**Supplied material:**
---*---

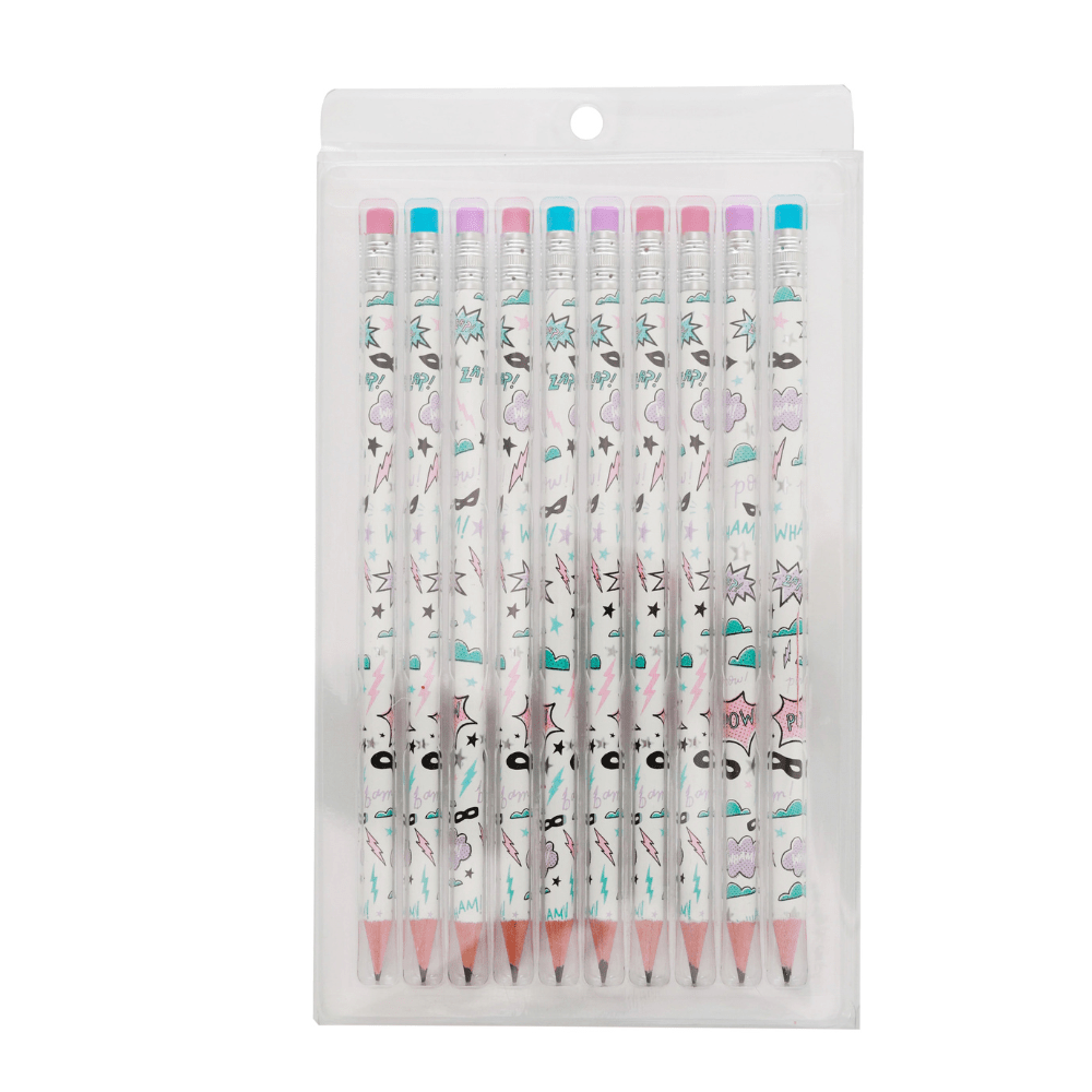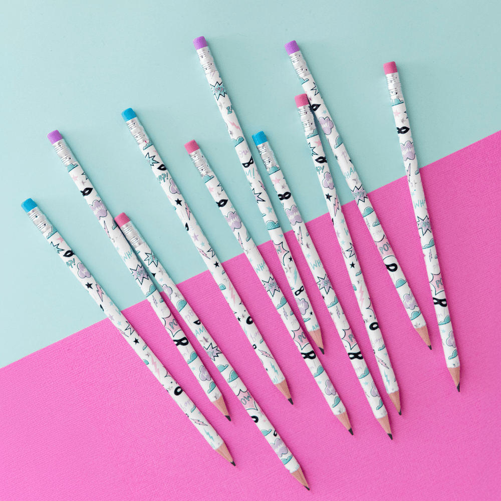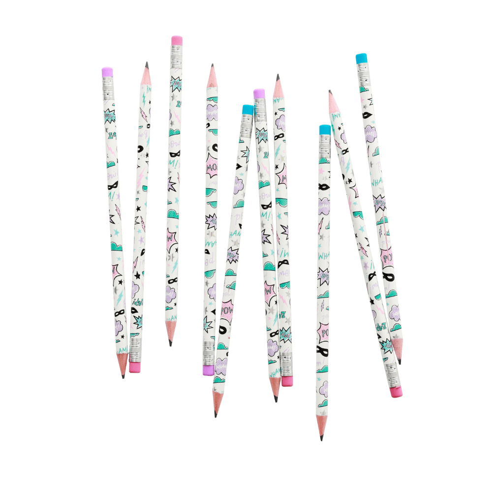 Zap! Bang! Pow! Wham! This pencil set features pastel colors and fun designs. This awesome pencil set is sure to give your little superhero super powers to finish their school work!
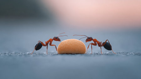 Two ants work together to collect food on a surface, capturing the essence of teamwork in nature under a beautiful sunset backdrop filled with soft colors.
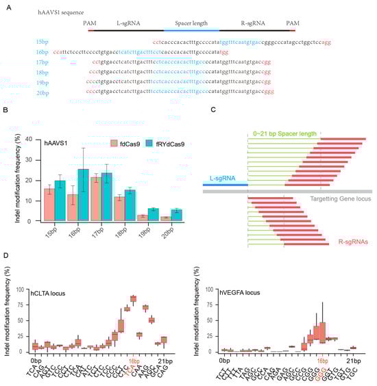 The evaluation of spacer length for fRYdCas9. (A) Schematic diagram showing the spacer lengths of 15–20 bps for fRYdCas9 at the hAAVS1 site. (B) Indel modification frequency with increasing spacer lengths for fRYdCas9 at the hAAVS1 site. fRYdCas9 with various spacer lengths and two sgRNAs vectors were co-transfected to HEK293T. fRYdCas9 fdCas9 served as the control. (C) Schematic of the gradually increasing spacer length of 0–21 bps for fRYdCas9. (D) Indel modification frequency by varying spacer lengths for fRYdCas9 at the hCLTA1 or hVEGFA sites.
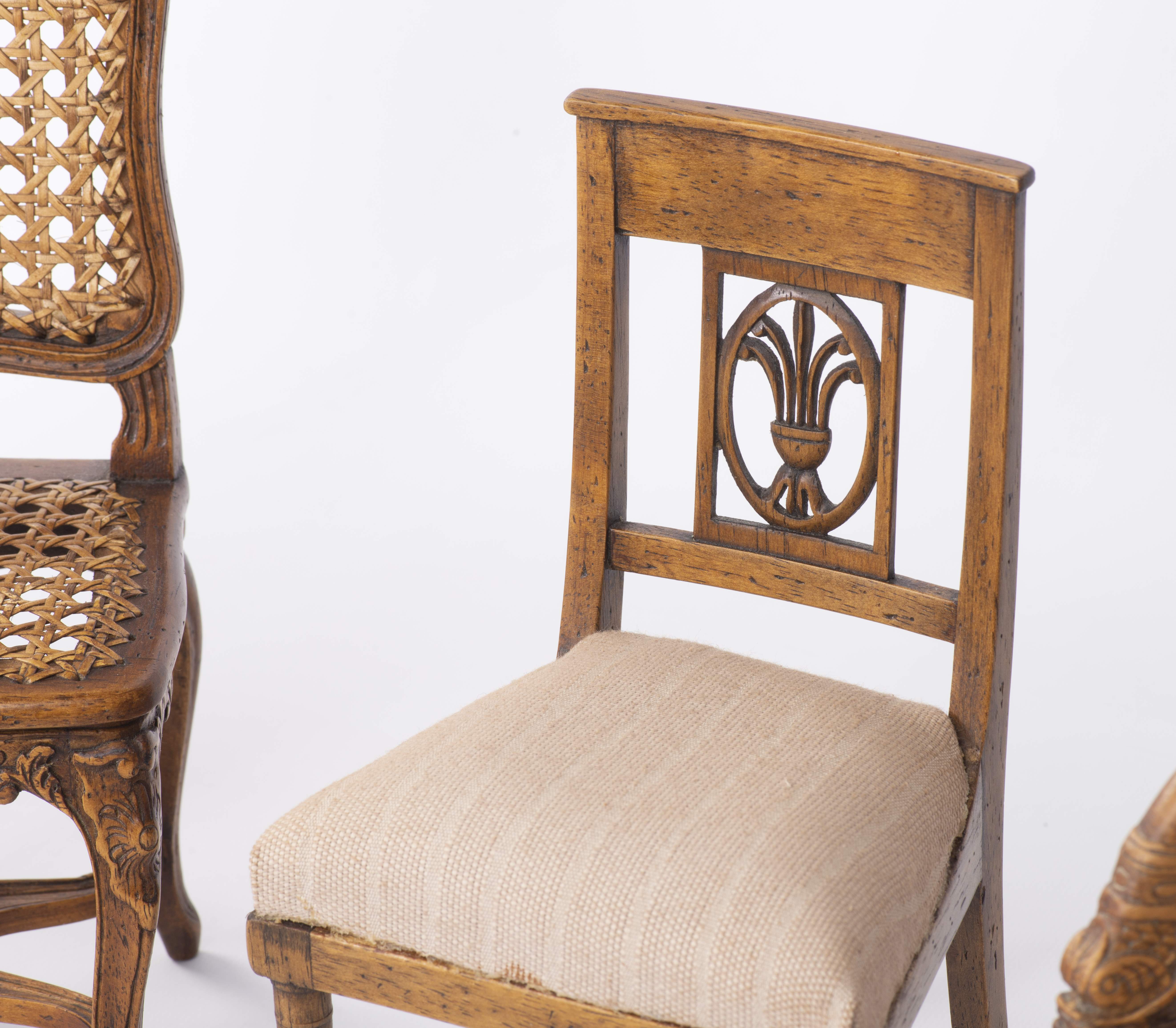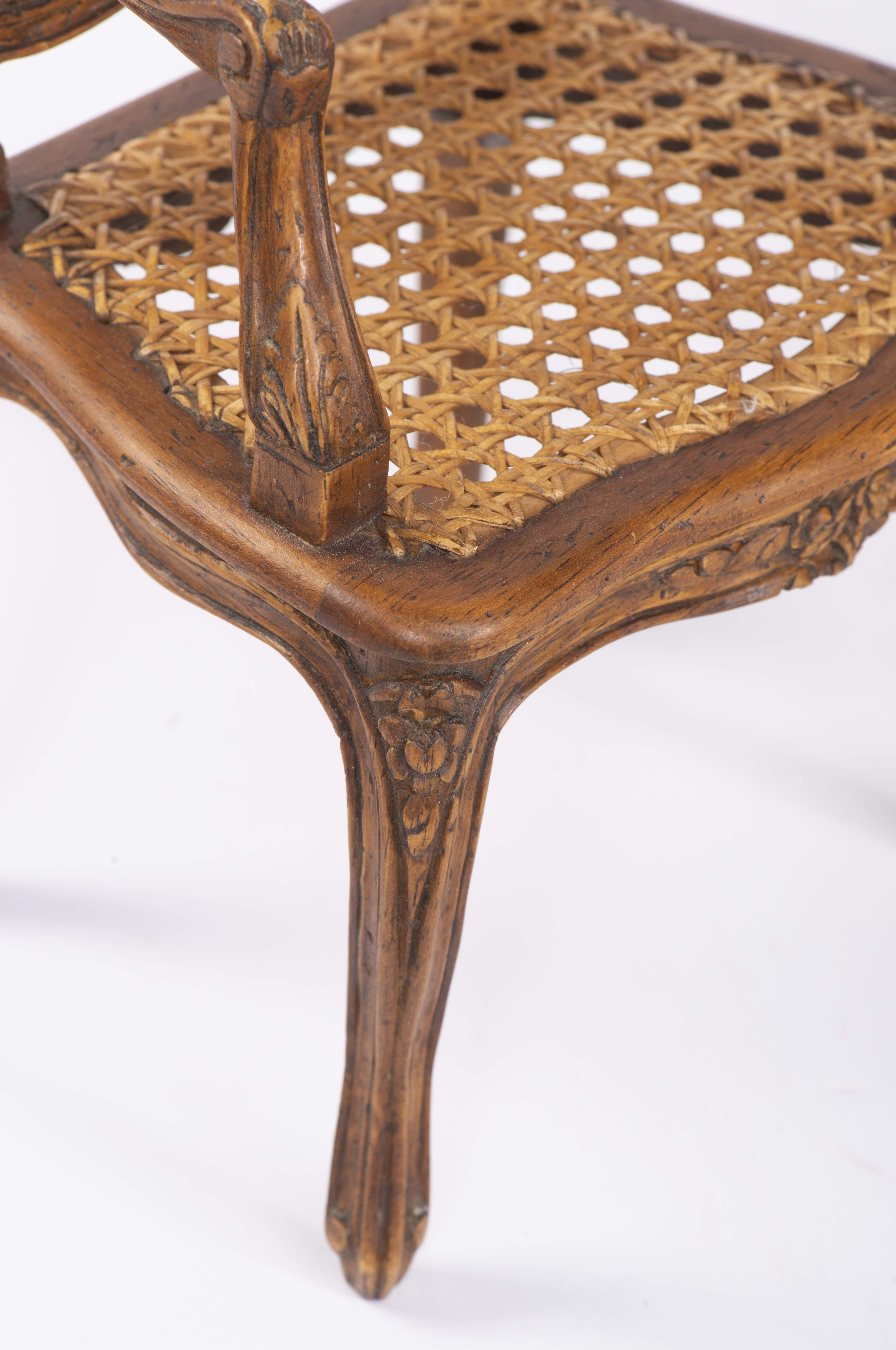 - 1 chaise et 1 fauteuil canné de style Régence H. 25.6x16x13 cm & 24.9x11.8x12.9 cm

---*---

**What you will do:** Leave out the pictures, then reproduce exactly the run of lines from the one that contains "The evaluation of" to the final line of the listing above.

**Worked solution:**
 The evaluation of spacer length for fRYdCas9. (A) Schematic diagram showing the spacer lengths of 15–20 bps for fRYdCas9 at the hAAVS1 site. (B) Indel modification frequency with increasing spacer lengths for fRYdCas9 at the hAAVS1 site. fRYdCas9 with various spacer lengths and two sgRNAs vectors were co-transfected to HEK293T. fRYdCas9 fdCas9 served as the control. (C) Schematic of the gradually increasing spacer length of 0–21 bps for fRYdCas9. (D) Indel modification frequency by varying spacer lengths for fRYdCas9 at the hCLTA1 or hVEGFA sites.
 - 1 chaise et 1 fauteuil canné de style Régence H. 25.6x16x13 cm & 24.9x11.8x12.9 cm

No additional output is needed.